Relative values of sediment variables of the different habitats. The habitats were the photovoltaic panel-covered area (PV) and the uncovered area (n-PV) in the PVPS zone, the unvegetated areas (UNV), and the S. alterniflora areas (SA) in the control zone. Bars represent values relative to averages in UNV, with whiskers as standard errors. Sediment variables: chlorophyll-a (Chl a), median grain size (D50), water content (WC), total organic carbon (TOC). Asterisks (*) indicate the significance level with * for p < 0.05, ** for p < 0.01, and *** for p < 0.001. Asterisks next to the x-axis indicate the significance level when compared with those in UNV.

Macrobenthic Communities

Biodiversity

A total of 102 species of macrobenthos were collected. Polychaetes (33), mollusks (31), and crustaceans (28) made similar contributions to the total species richness. There were the highest numbers of macrobenthic species and endemic species in PV (Figure S2).

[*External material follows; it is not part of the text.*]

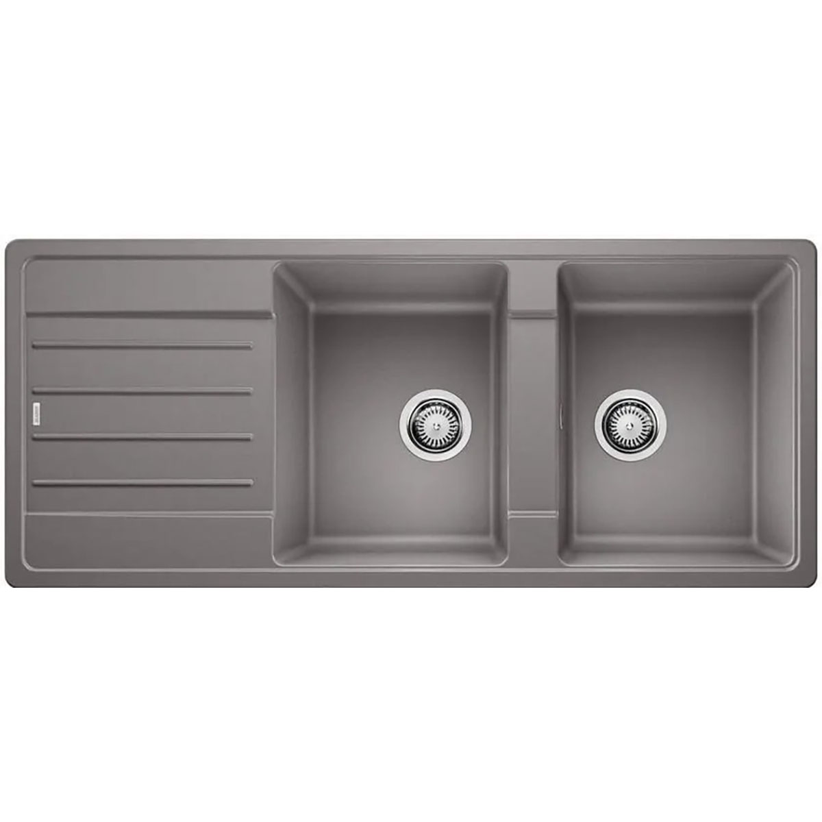 Tidlös design för samtida kök. Disko i kompositmaterialet Silgranit PuraDur i tidlös design. Enkelt montage med infällnad (montage ovanifrån i bänksskivan). En designserie där klassiska linjer kombineras med modern funktionalitet. Rymlig diskho och praktisk bakkant för montage av blandare och tillbehör. Elegant korgventil och integrerat breddavlopp. Blanco Silgranit PuraDur består av 80% granit och är överlägset reptåligt och färgbeständigt.

The macrobenthic biodiversity varied significantly in response to PVPS. Only the abundance and species richness in PV were markedly lower than those in UNV, while the values of the diversity indices (d, H’, and J) were often significantly higher in PV than in the other habitats (Figure 3). Comprehensively, the detrimental impact of the PVPS on biodiversity was found to be limited, whereas a certain degree of positive effects have been substantiated.

Figure 3.

Figure 3

Biodiversity of macrobenthos across habitats. (a) Abundance, p < 0.001. To better illustrate the main data, outliers have been hidden. (b) Biomass, p = 0.003. (c) Species richness, p < 0.001. (d) Margalef species richness, p < 0.001. (e) Shannon-Weiner diversity, p < 0.001. (f) Pielou’s evenness, p < 0.001. Boxes represent the interquartile range, with the median as the middle bar and the mean as the triangle. Whiskers extend to 1.5 times the interquartile range, and points outside this range are considered outliers. The habitats were the photovoltaic panel-covered area (PV) and the uncovered area (n-PV) in the PVPS zone, the unvegetated areas (UNV), and the S. alterniflora areas (SA) in the control zone. Numbers next to the x-axis indicate sample sizes. Asterisks (*) indicate the significance level when compared with those in PV, with * for p < 0.05, ** for p < 0.01, and *** for p < 0.001.

Community Structure

The results of PERMANOVA (R2 = 0.139, p = 0.001) indicated that the macrobenthic community structures from the different habitats can be significantly distinguished (Table 1). And even though the biotic composition of abundance remained consistent across the different habitats, with polychaetes and mollusks as the main contributors, the biomass composition varied stochastically between the habitats (Figure S3). Meanwhile, most of the dominant species varied significantly across the different habitats (Figure S4). These findings suggested that the PVPS had exerted a considerable influence on the community structure.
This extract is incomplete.